ヒップホップ好きのスポーツ選手や文化人のキャリアについて全4回に渡ってインタビューしていく「あの人も実はヒップホップ」。今月は長野県長野市に拠点を置く株式会社Huuuu代表、編集者の徳谷柿次郎(とくたに・かきじろう)さんにお話をお伺いしました。Vol.1の今回はHuuuu、そして徳谷さんのお仕事について話して頂きました。
前回の記事はこちら→ ヒップホップに救われた普通のオカンが見出した”カルチャー”という居場所
株式会社Huuuu代表
ヒップホップ好き編集者・徳谷 柿次郎
レペゼン:
自己紹介をお願いします。
徳谷柿次郎:
株式会社Huuuu代表、編集者の徳谷柿次郎(とくたに・かきじろう)です。
大阪出身、1982年生まれの43歳です。ヒップホップミュージックは10代の頃に出会ってから大好きで、ずっと聴いてますね。
レペゼン:
ありがとうございます。ヒップホップ好きの編集者、そして会社代表ということでお話を伺うのを楽しみにしておりました。まずは経営されている会社、Huuuuについて教えて頂けますか?
徳谷柿次郎:
Huuuuは長野県長野市に拠点を置く編集プロダクションです。一言で言うなら、全国47都道府県を旅しながら、現地の取材をしていく編集チームですね。クライアントさんから依頼を受けて地方のお店・仕事・歴史を取材したり、環境問題や人権、またジェンダーなどの社会課題について記事を書いています。
【Huuuuのメンバーたちと】
レペゼン:
非常に興味深いです。そういった取材、記事制作のお仕事というのはどういったクライアントさんから依頼が来るものなのでしょうか?
徳谷柿次郎:
オウンドメディアを持っている企業、メーカーさんなどが多いです。
企業さんから相談を受けて、メディアの立ち上げから一緒に行うこともありますね。
レペゼン:
なるほど。これまでに徳谷さんやHuuuuが携わったメディアはどういったものがあるのでしょうか?
徳谷柿次郎:
僕が携わったものだと、10年前に求人会社のイーアイデムさんと一緒に「ジモコロ」という地方を取り上げるメディアを立ち上げました。今もHuuuuで取材や記事制作を行ってますね。最近だとヤマハ発動機さんと一緒に社会課題を考えるメディア「RePLAY!」を運営しています。

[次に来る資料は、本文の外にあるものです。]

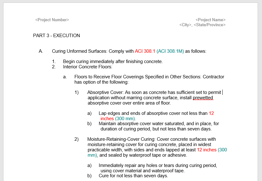 • The file must follow the approved MasterSpec template. This includes, but is not limited to, sections having a three-part structure and a maximum of five paragraph levels.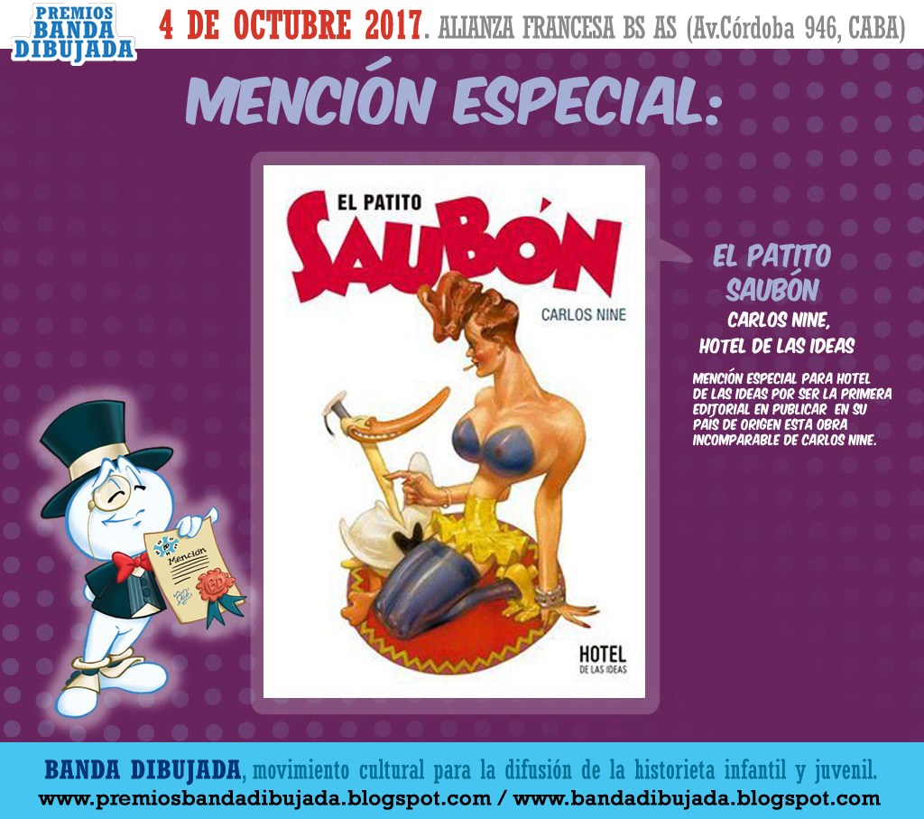 Menciones especialesEl patito Saubón, de Carlos Nine: Mención especial para Hotel de las Ideas por ser la primera editorial en publicar en su país de origen esta obra incomparable de Carlos Nine.

【「地元」と「仕事」をテーマにした WEBメディア「ジモコロ」】
レペゼン:
「ジモコロ」知ってます!めちゃ面白いです!
徳谷柿次郎:
ありがとうございます。会社業務のメインはそういったメディア用の記事制作や運営ですね。
あとは自社発信の事業として「スナック夜風」というバーや「PAKAAN COFFEE STAND」というカフェの立ち上げなどリアルな場づくりも行っています。最近だと自社の出版レーベル「風旅出版」を始めました。自分たちで作った本を自分たちで営業して販売まで行うという、THA BLUE HERBのBOSSさんスタイルでやらせもらってます笑
「面倒を面倒くさがらない」から
生まれるリアルな記事
レペゼン:
多岐に渡るメディアの企画制作に携わっているHuuuuですが、会社としての強みはどこにあると思いますか?
徳谷柿次郎:
やっぱり現地に行くことを面倒がらないことですね。そこに住む人のリアルを見て、難しい現実も含めて自分たちなりの言葉に変える。それを経済合理性を無視してでもやるのが僕らの強みというか、挑戦です笑
レペゼン:
間違い無いですね。
徳谷柿次郎:
いろんなメディアのお仕事で企画の段階でまず僕らに話が来るのも、その姿勢があるからかなと。僕らは常日頃から全国を巡りまくっているので笑
そういうこれまで行動の成果とか、築いてきた人間関係を評価してもらって、最近ではグローバル企業ともお仕事させてもらうようになりました。
レペゼン:
手間暇がかかるだけに、ひとつの記事にかける思い入れも強くなりそうですね。
徳谷柿次郎:
そうですね。あとは全国に仲間がいるからこそ、こちらから「だったらこの人に取材したら面白いよ。あの人にならこういう仕事できるよ」っていう提案ができるところも、うちの1つの武器だと思います。
KREVAに学ぶ生き方と“根性論”
レペゼン:
そんな徳谷さんが最近ハマっているラッパー、ラップソングを教えてください。
徳谷柿次郎:
KREVAですかね。2周くらい回って、今めっちゃ聴いてます。
彼は日本武道館でワンマンをやる力がある一方で、アングラな若手ラッパーをフックアップしたコンピレーションアルバムを作ったり、ZORNを引っ張ってきてメジャーでの振る舞いを教えたりもしてるんです。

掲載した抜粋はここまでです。